These are just the highlights, though. Read through this post for more details and visit our full reviews on each bed for even more information.
Whether you’re a first time mattress buyer, or you’ve had the same mattress since your pre-teen was born, you’ve come to the right place. We’ve tested over 100 mattresses and while we don’t claim to be experts, we know a lot about mattresses. If you explore our website, you’ll see we’ve written countless posts about them.

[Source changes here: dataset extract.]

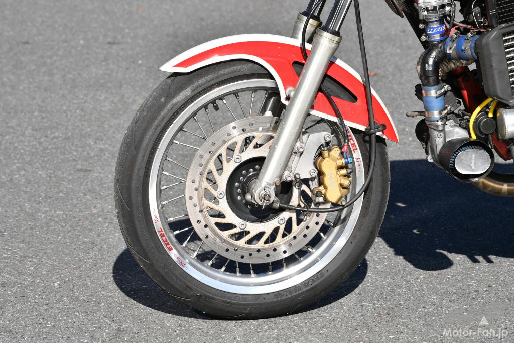 「タイヤサイズを変更した理由は、選択肢を増やすためです。細身の前後18インチバイアスにも捨て難い魅力はありますが、1990年代中盤以降の主力は前後17インチラジアルですからね。私は自分が慣れ親しんだ車両で、最新タイヤの美点を常に感じていたいんです」

In this comparison, we’re going to focus on the differences between DreamCloud and Leesa, and there are quite a few of them to mention.
Leesa is one of the top five biggest brands in the bed-in-a-box industry, so that alone tells you how many people find Leesa to be a really comfortable mattress. They’re also one of the more philanthropic companies out there because they’ll donate one mattress out of every ten they sell to charity. So if you choose to purchase from Leesa, you know you’ll be contributing to a good cause.
DreamCloud may not be as popular as Leesa, but it’s quickly gaining traction among shoppers because it’s durable, and according to Slumber Yard team member Dillon, who sleeps on one every night, it’s really comfortable, too.
It all depends on what you’re looking for in your mattress, and just how much you’re trying to spend. If at any point you want to find out more information on DreamCloud or Leesa, we have individual reviews on both mattresses, so click the “See Full Review” link to get more in-depth explanations on specific topics.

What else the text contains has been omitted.